§ **EXERCISE**
Copy every line of the records exactly, without including the images.

§ **AVAILABLE DATA**

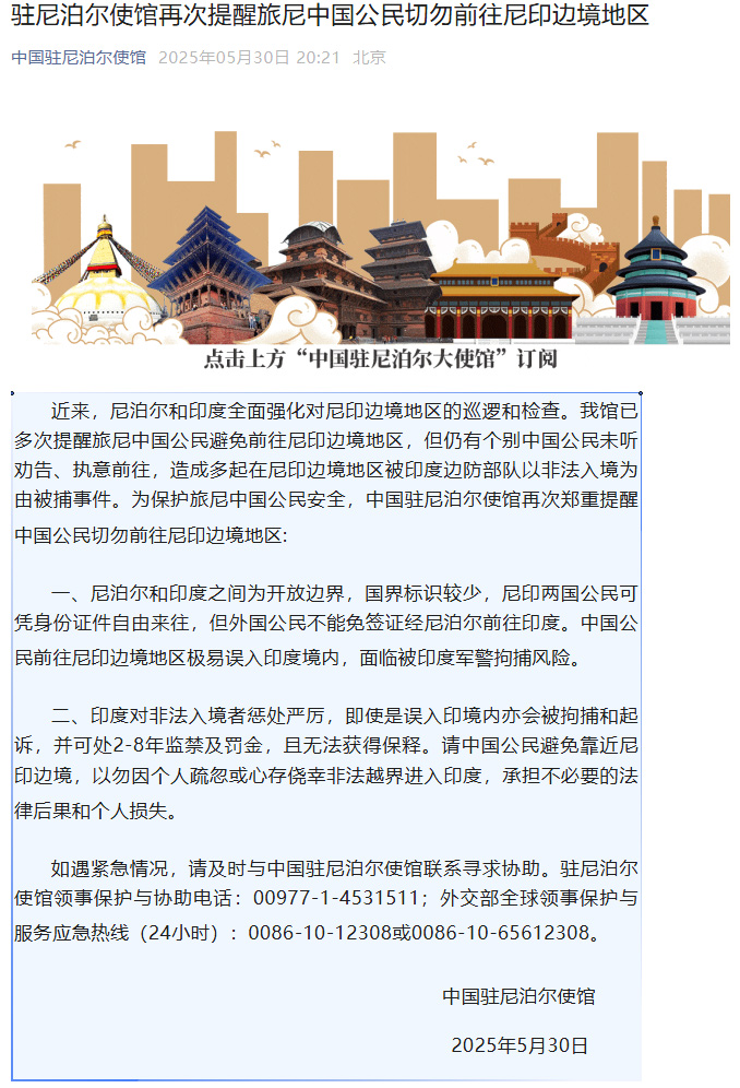已有多起中國公民被印度部隊拘捕事件!我駐尼使館鄭重提醒:尼印邊境,切勿前往
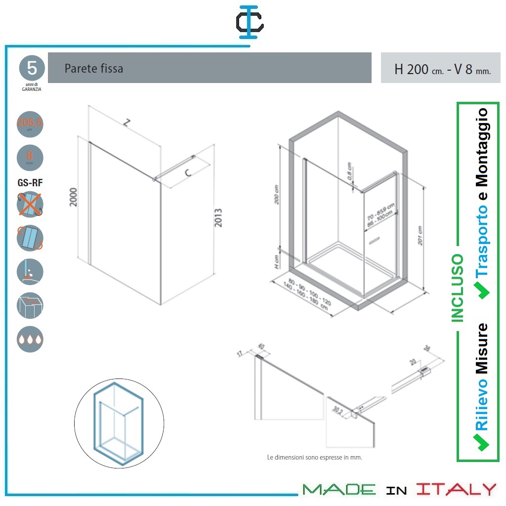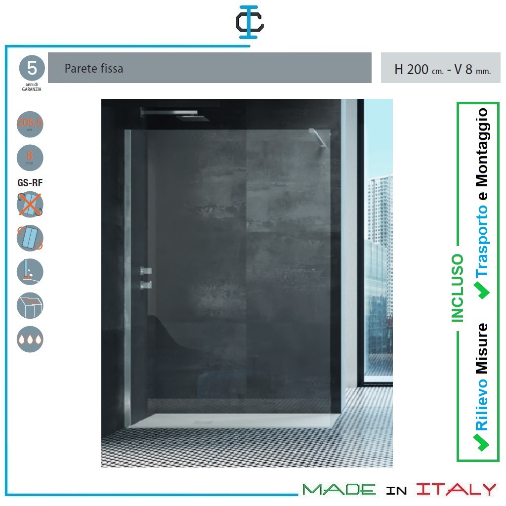 Plus di prodotto : • 2 cm di regolazione del fuorisquadra • Prodotto reversibile • Profili verticali con fissaggio a pinza (gestione dell’estensibilità nascosta) • Paretine di combinazione per abbinamenti (solo per 8 mm) • Porte di chiusura dedicate • Barre accessorie per diverse configurazioni • Anticalcare compreso nel prezzo • Stampa digitale disponibile su tutti i vetri piani TR e TG
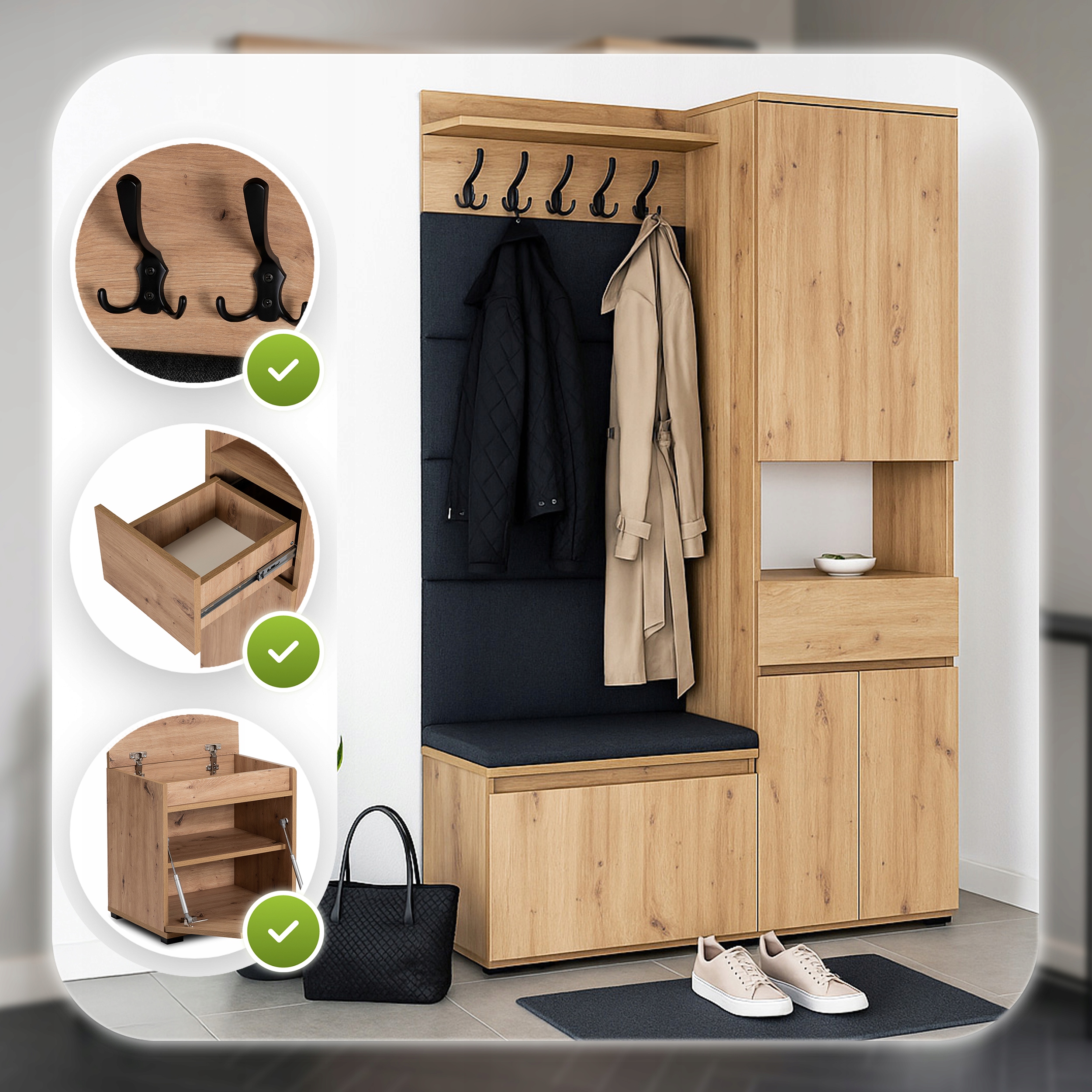 ✨ Zestaw Do Przedpokoju z Siedziskiem Garderoba Szafka Na Buty Dąb MODENA
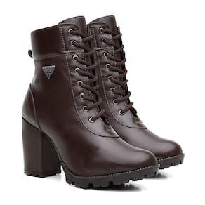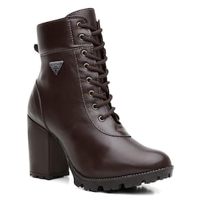 Bota Coturno Feminina Couro Cadarço Cano Médio Macia Casual - 39 - Marrom
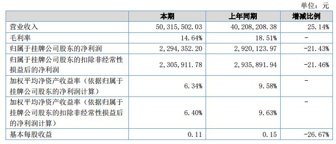 報告期內(nèi),公司經(jīng)營狀況良好,業(yè)績持續(xù)穩(wěn)定增長,實現(xiàn)營業(yè)收入50,315,502.03元,較上年同期增長了25.14%;凈利潤2,294,352.20元,較上年同期下降了21.43%;經(jīng)營活動產(chǎn)生的現(xiàn)金凈流入373,417.61元,較上年同期增加流入7,675,148.61元;投資活動產(chǎn)生的現(xiàn)金凈流出為1,076,795.88元,較上年同期增加流出484,691.49元;籌資活動產(chǎn)生的現(xiàn)金凈流出為233,297.77元,較上年同期減少流入7,825,889.67元。?
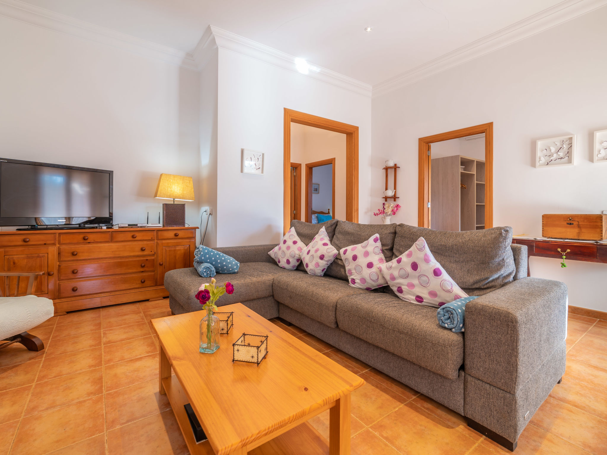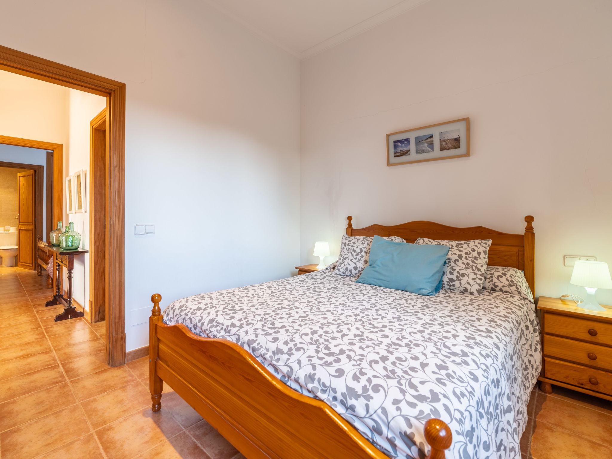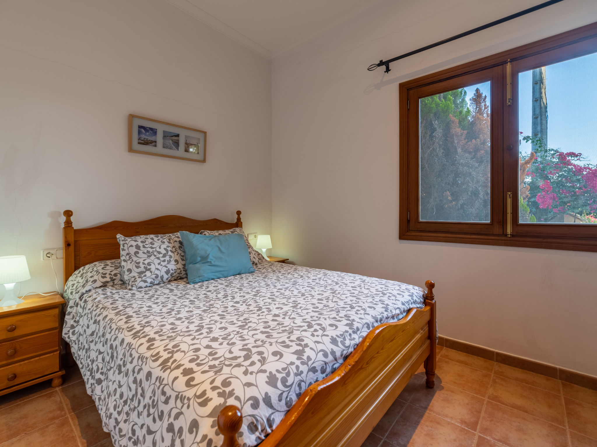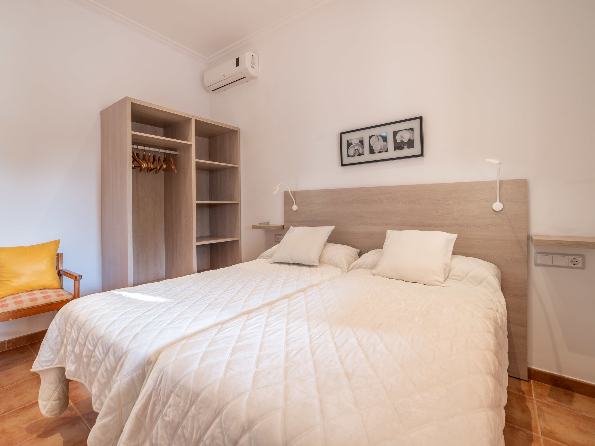 "Morla (PSR130)", 4-Zimmer-Haus 100 m2. Einfach und zweckmässig eingerichtet: Wohnzimmer mit Sat-TV, Digital-TV, Radio und CD. 1 Zimmer mit 2 Betten. 1 Zimmer mit 1 franz. Bett (150 cm). 1 Zimmer mit Dachfenster mit 1 franz. Bett (150 cm), Dusche/WC. Offene Küche (Backofen, Geschirrspüler, 4 Flammen, Toaster, Wasserkocher, Mikrowelle, Tiefkühler, elektrische Kaffeemaschine) mit Esstisch. Ausgang zur Terrasse. Bad/WC. Heizung, Klimaanlage. Terrasse 20 m2, überdacht, Gartensitzplatz. Terrassenmöbel, Gartengrill, Liegestühle. Zur Verfügung: Waschmaschine, Bügeleisen, Kinderhochstuhl, Babybett, Haartrockner. Internet (Wireless LAN, gratis). Bitte beachten: Nichtraucher-Haus. 4-Zimmer-Haus, ca. 100 m². Wohnraum mit Sitzgruppe, durch offenen Bogen in Küche (4 Flammen, Backofen, Mikrowelle, Geschirrspüler, Kühl-/Gefrierkombination, Kaffeemaschine, Wasserkocher, Toaster) mit Essplatz und Terrassenausgang. Zweibettzimmer. Schlafzimmer mit franz. Bett (1,50 m breit). Weiteres Schlafzimmer mit franz. Bett (1,50 m breit), mit Oberlicht und Zugang zu Dusche/WC. Bad/WC. ET/3069
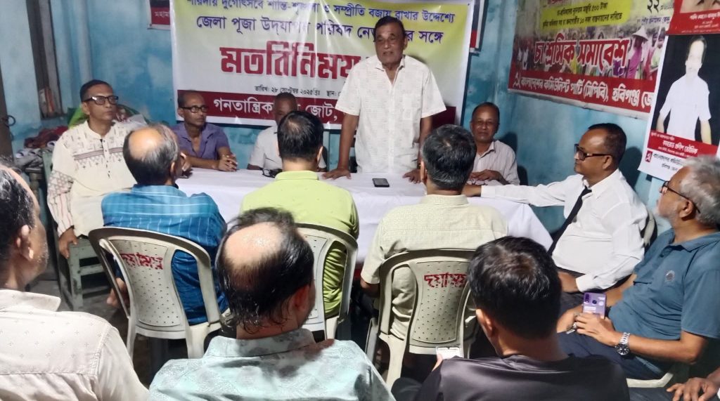 ‎আসন্ন শারদীয় দুর্গোৎসবে শান্তি-শৃঙ্খলা ও সম্প্রীতি বজায় রাখার মহৎ উদ্দেশ্যে হবিগঞ্জ জেলা বাম জোটের উদ্যোগে এক মতবিনিময় সভা অনুষ্ঠিত হয়েছে।

§ **TASK ANSWER**
已有多起中國公民被印度部隊拘捕事件!我駐尼使館鄭重提醒:尼印邊境,切勿前往
 Plus di prodotto : • 2 cm di regolazione del fuorisquadra • Prodotto reversibile • Profili verticali con fissaggio a pinza (gestione dell’estensibilità nascosta) • Paretine di combinazione per abbinamenti (solo per 8 mm) • Porte di chiusura dedicate • Barre accessorie per diverse configurazioni • Anticalcare compreso nel prezzo • Stampa digitale disponibile su tutti i vetri piani TR e TG
 ✨ Zestaw Do Przedpokoju z Siedziskiem Garderoba Szafka Na Buty Dąb MODENA
 Bota Coturno Feminina Couro Cadarço Cano Médio Macia Casual - 39 - Marrom
 報告期內(nèi),公司經(jīng)營狀況良好,業(yè)績持續(xù)穩(wěn)定增長,實現(xiàn)營業(yè)收入50,315,502.03元,較上年同期增長了25.14%;凈利潤2,294,352.20元,較上年同期下降了21.43%;經(jīng)營活動產(chǎn)生的現(xiàn)金凈流入373,417.61元,較上年同期增加流入7,675,148.61元;投資活動產(chǎn)生的現(xiàn)金凈流出為1,076,795.88元,較上年同期增加流出484,691.49元;籌資活動產(chǎn)生的現(xiàn)金凈流出為233,297.77元,較上年同期減少流入7,825,889.67元。?
 "Morla (PSR130)", 4-Zimmer-Haus 100 m2. Einfach und zweckmässig eingerichtet: Wohnzimmer mit Sat-TV, Digital-TV, Radio und CD. 1 Zimmer mit 2 Betten. 1 Zimmer mit 1 franz. Bett (150 cm). 1 Zimmer mit Dachfenster mit 1 franz. Bett (150 cm), Dusche/WC. Offene Küche (Backofen, Geschirrspüler, 4 Flammen, Toaster, Wasserkocher, Mikrowelle, Tiefkühler, elektrische Kaffeemaschine) mit Esstisch. Ausgang zur Terrasse. Bad/WC. Heizung, Klimaanlage. Terrasse 20 m2, überdacht, Gartensitzplatz. Terrassenmöbel, Gartengrill, Liegestühle. Zur Verfügung: Waschmaschine, Bügeleisen, Kinderhochstuhl, Babybett, Haartrockner. Internet (Wireless LAN, gratis). Bitte beachten: Nichtraucher-Haus. 4-Zimmer-Haus, ca. 100 m². Wohnraum mit Sitzgruppe, durch offenen Bogen in Küche (4 Flammen, Backofen, Mikrowelle, Geschirrspüler, Kühl-/Gefrierkombination, Kaffeemaschine, Wasserkocher, Toaster) mit Essplatz und Terrassenausgang. Zweibettzimmer. Schlafzimmer mit franz. Bett (1,50 m breit). Weiteres Schlafzimmer mit franz. Bett (1,50 m breit), mit Oberlicht und Zugang zu Dusche/WC. Bad/WC. ET/3069
 ‎আসন্ন শারদীয় দুর্গোৎসবে শান্তি-শৃঙ্খলা ও সম্প্রীতি বজায় রাখার মহৎ উদ্দেশ্যে হবিগঞ্জ জেলা বাম জোটের উদ্যোগে এক মতবিনিময় সভা অনুষ্ঠিত হয়েছে।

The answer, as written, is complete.